Items listed in a dataset
BEGIN

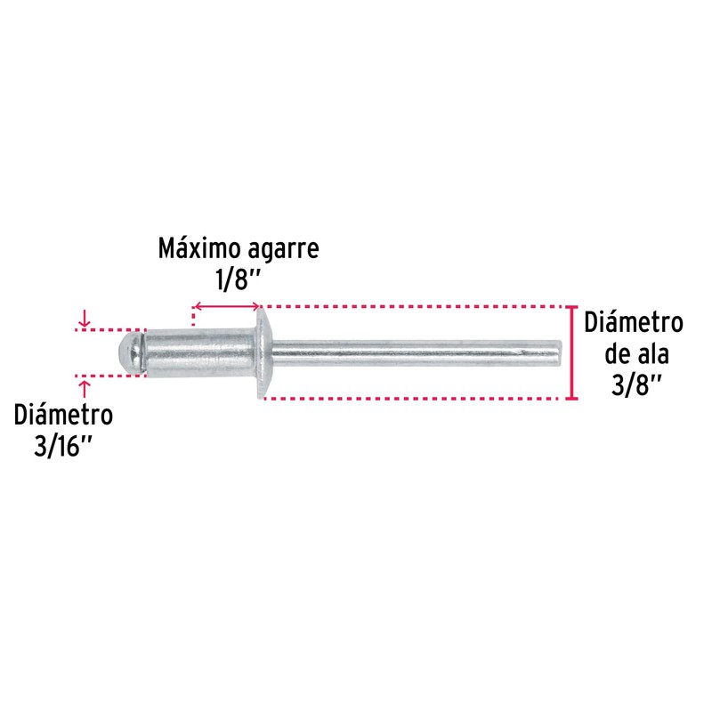 Fiero R-62B, Remache con diámetro 3/16", agarre 1/8"
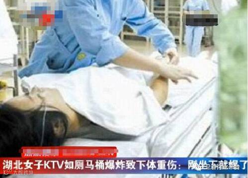 2015年12月3日晚,李女士到赤壁市一家KTV玩,当她上洗手间时,身体刚接触到马桶,马桶就炸了,导致其下体受伤、大量出血。随后她被连夜转到武汉市一家大医院治疗,做了3个小时手术,经重症监护室救治了48小时才脱离生命危险。
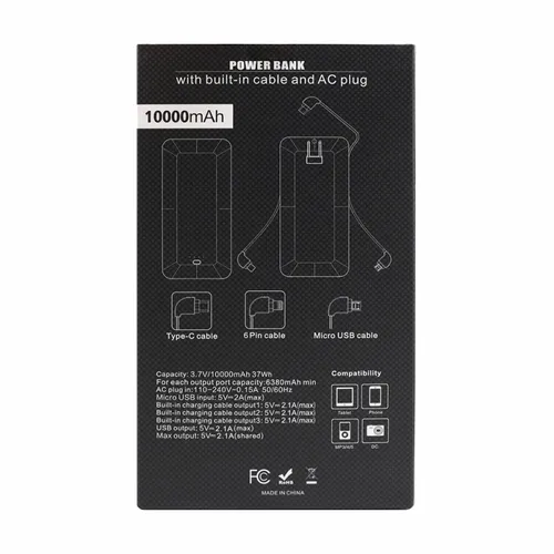 Charge All 10k - 10,000 mAh Power Bank with Integrated Charging Cables and AC Plugs
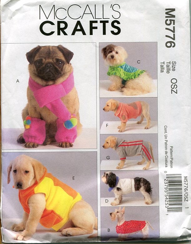 McCalls 5776 from 2008, 27 pattern pieces for dogs Small to X-Large, Six coats, Scarf & leg warmers. Cute as can be, I love the leg warmers...envelope & pattern instruction pages show some age discoloration.
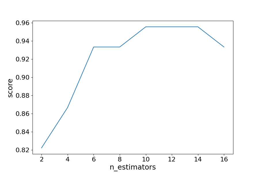By iterating through different values for the number of estimators we can see an increase in model performance from 82.2% to 95.5%. After 14 estimators the accuracy begins to drop, again if you set a different random_state the values you see will vary. That is why it is best practice to use cross validation to ensure stable results.
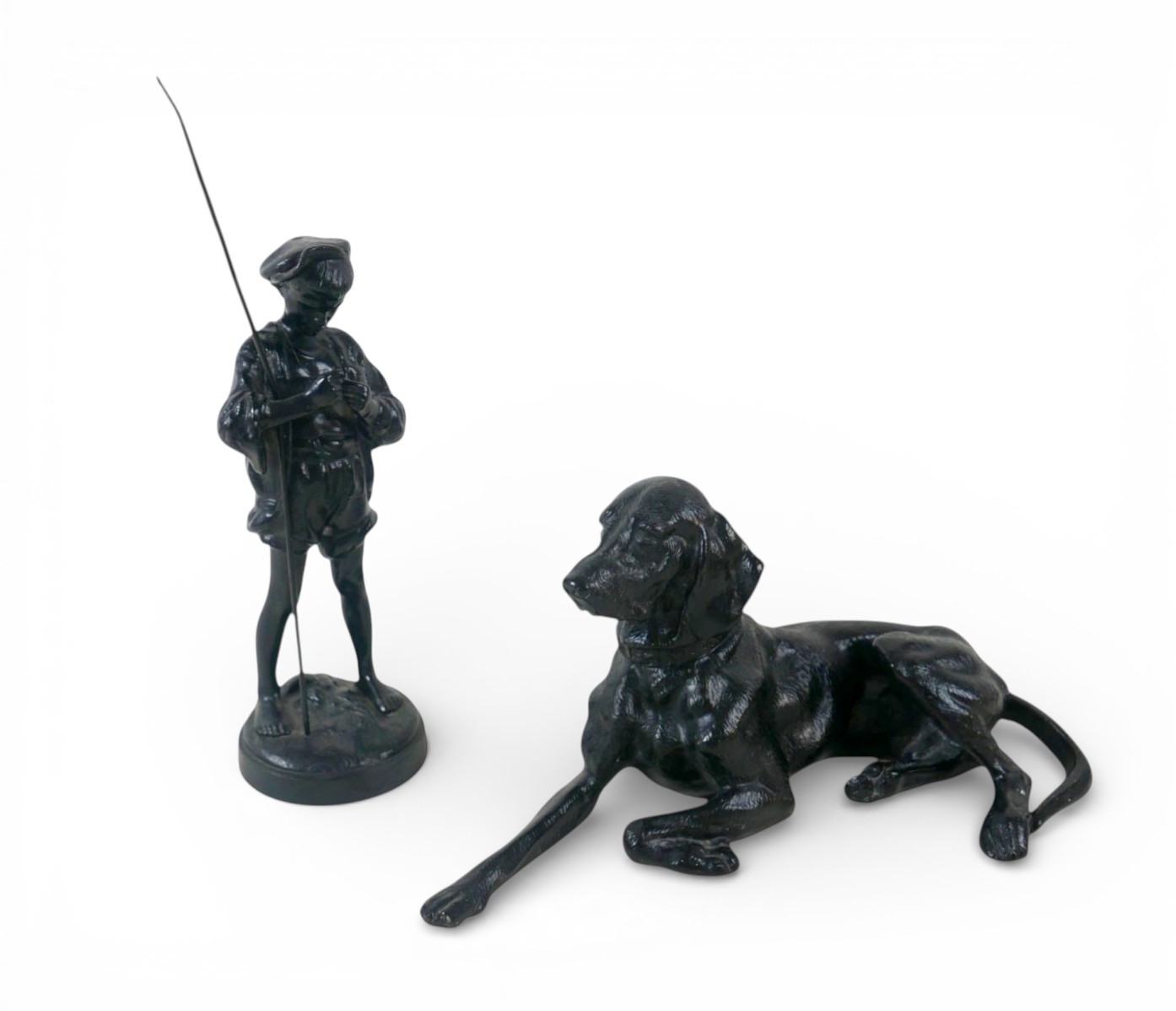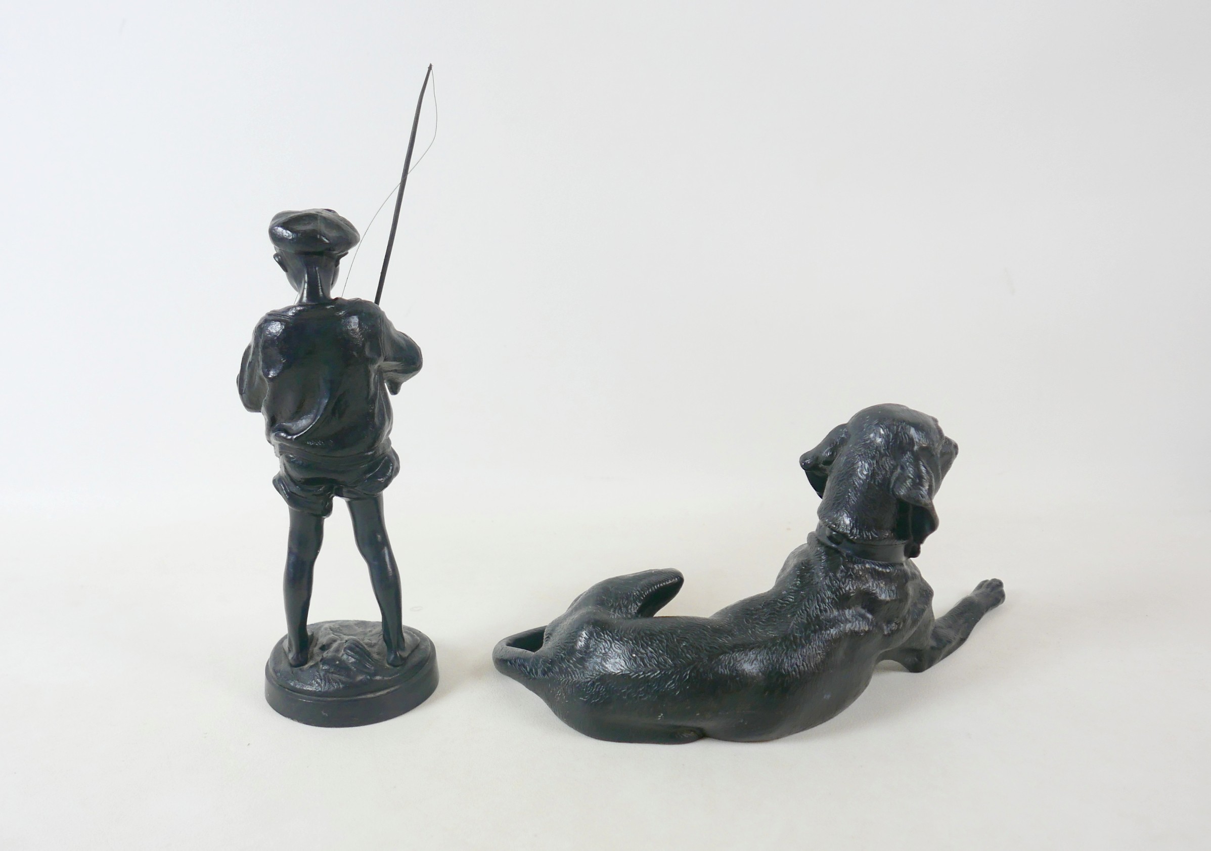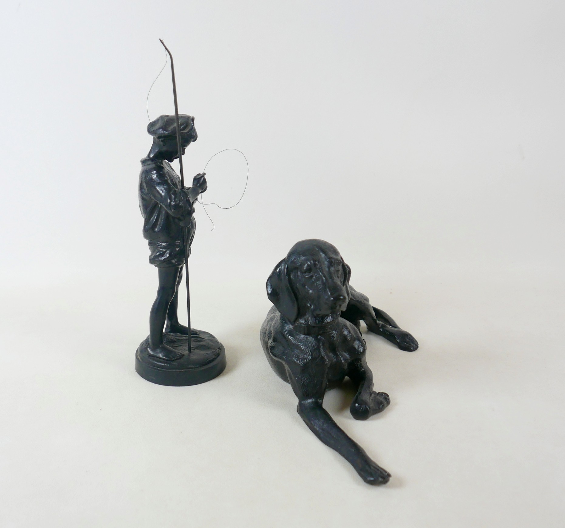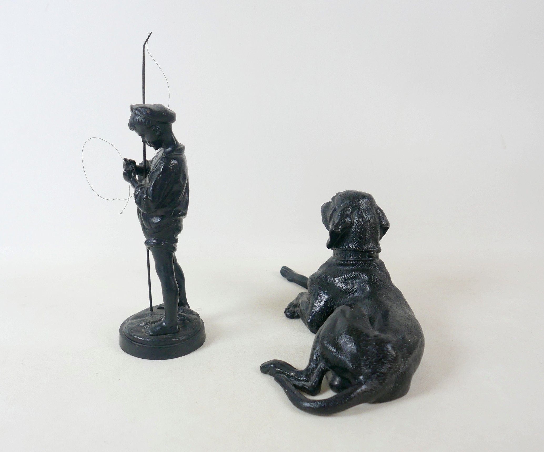 Two soviet cast iron figures of a boy fishing, the underside is embossed "Made in USSR, Kasli 1987", and a hollow cast iron dog, wearing a collar inscribed "bad Auderpux", bearing the painted mark of the soviet department of quality control (OTK). Figure of boy fishing is 34cm in height.(2)
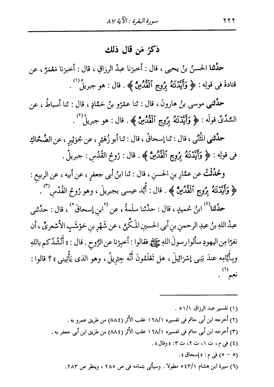 وَقَالَ ابْنُ حُمَيْدٍ: حَدَّثَنَا سَلَمَةُ، عَنْ إِسْحَاقَ، قَالَ: حَدَّثَنِي عَبْدُ اللَّهِ بْنُ عَبْدِ الرَّحْمَنِ بْنِ أَبِي الْحُسَيْنِ الْمَكِّيُّ، عَنْ شَهْرِ بْنِ حَوْشَبٍ الْأَشْعَرِيِّ: " أَنَّ نَفَرًا، مِنَ الْيَهُودِ سَأَلُوا رَسُولَ اللَّهِ صَلَّى اللهُ عَلَيْهِ وَسَلَّمَ فَقَالُوا: أَخْبِرْنَا عَنِ الرُّوحِ. قَالَ: «§أَنْشُدُكُمْ بِاللَّهِ وَبِأَيَّامِهِ عِنْدَ بَنِي إِسْرَائِيلَ هَلْ تَعْلَمُونَ أَنَّهُ جِبْرِيلُ، وَهُوَ يَأْتِينِي؟» قَالُوا: نَعَمْ " -[223]- وَقَالَ آخَرُونَ: الرُّوحُ الَّذِي أَيَّدَ اللَّهُ بِهِ عِيسَى هُوَ الْإِنْجِيلُ
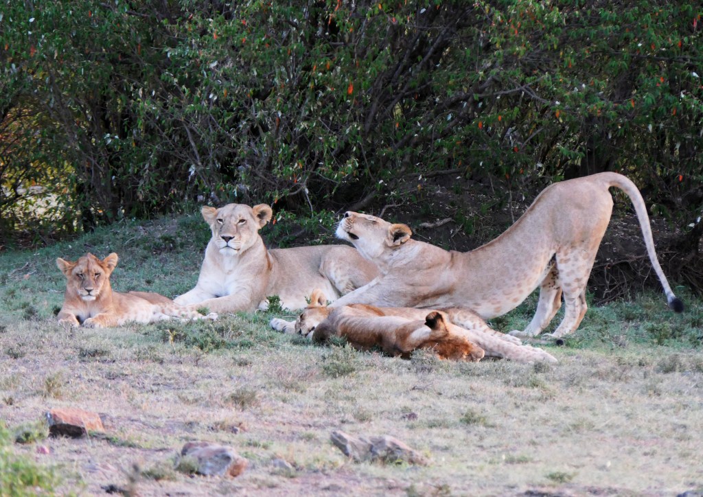 As sunset approached, guess what we found? More lions 🙂 This time it was females and cubs.
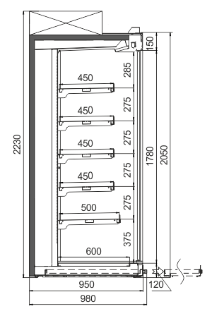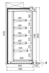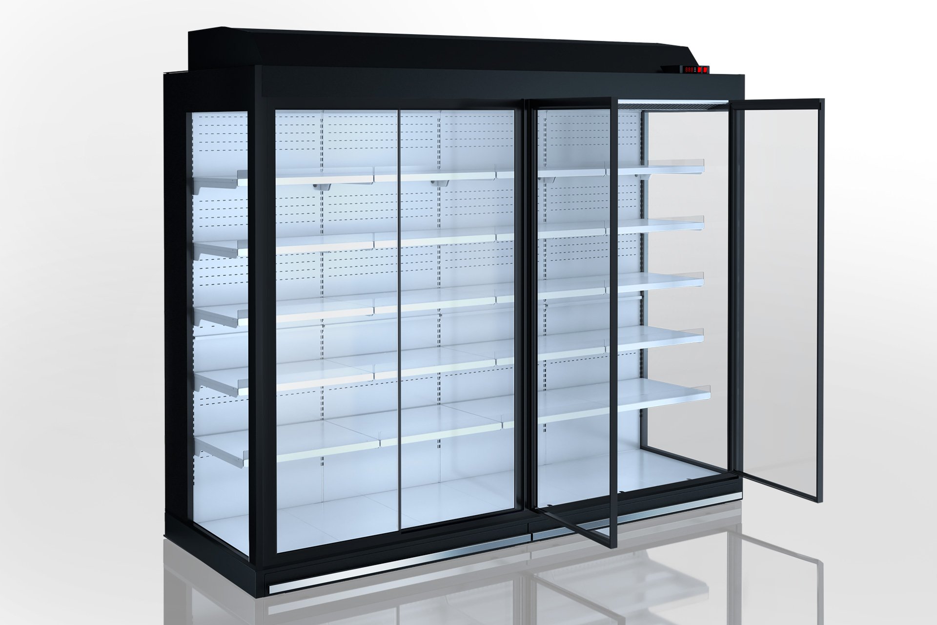ארון רב-קומתי עם במה נמוכה במיוחד המיועד לחנויות בכל פורמט, המיוצר באיכות גבוהה עם מערכת קירור דינמית ותכונות נוחות כגון מגירות נשלפות, מערכת מדפים ברמות שונות ודלתות ניתנות להמרה.

END

What to produce — Write out word for word the lines above that run from the one with "By iterating through" to the one with "وَقَالَ ابْنُ حُمَيْدٍ: حَدَّثَنَا". Include both end lines; exclude the images.

Problem solution —
By iterating through different values for the number of estimators we can see an increase in model performance from 82.2% to 95.5%. After 14 estimators the accuracy begins to drop, again if you set a different random_state the values you see will vary. That is why it is best practice to use cross validation to ensure stable results.
 Two soviet cast iron figures of a boy fishing, the underside is embossed "Made in USSR, Kasli 1987", and a hollow cast iron dog, wearing a collar inscribed "bad Auderpux", bearing the painted mark of the soviet department of quality control (OTK). Figure of boy fishing is 34cm in height.(2)
 وَقَالَ ابْنُ حُمَيْدٍ: حَدَّثَنَا سَلَمَةُ، عَنْ إِسْحَاقَ، قَالَ: حَدَّثَنِي عَبْدُ اللَّهِ بْنُ عَبْدِ الرَّحْمَنِ بْنِ أَبِي الْحُسَيْنِ الْمَكِّيُّ، عَنْ شَهْرِ بْنِ حَوْشَبٍ الْأَشْعَرِيِّ: " أَنَّ نَفَرًا، مِنَ الْيَهُودِ سَأَلُوا رَسُولَ اللَّهِ صَلَّى اللهُ عَلَيْهِ وَسَلَّمَ فَقَالُوا: أَخْبِرْنَا عَنِ الرُّوحِ. قَالَ: «§أَنْشُدُكُمْ بِاللَّهِ وَبِأَيَّامِهِ عِنْدَ بَنِي إِسْرَائِيلَ هَلْ تَعْلَمُونَ أَنَّهُ جِبْرِيلُ، وَهُوَ يَأْتِينِي؟» قَالُوا: نَعَمْ " -[223]- وَقَالَ آخَرُونَ: الرُّوحُ الَّذِي أَيَّدَ اللَّهُ بِهِ عِيسَى هُوَ الْإِنْجِيلُ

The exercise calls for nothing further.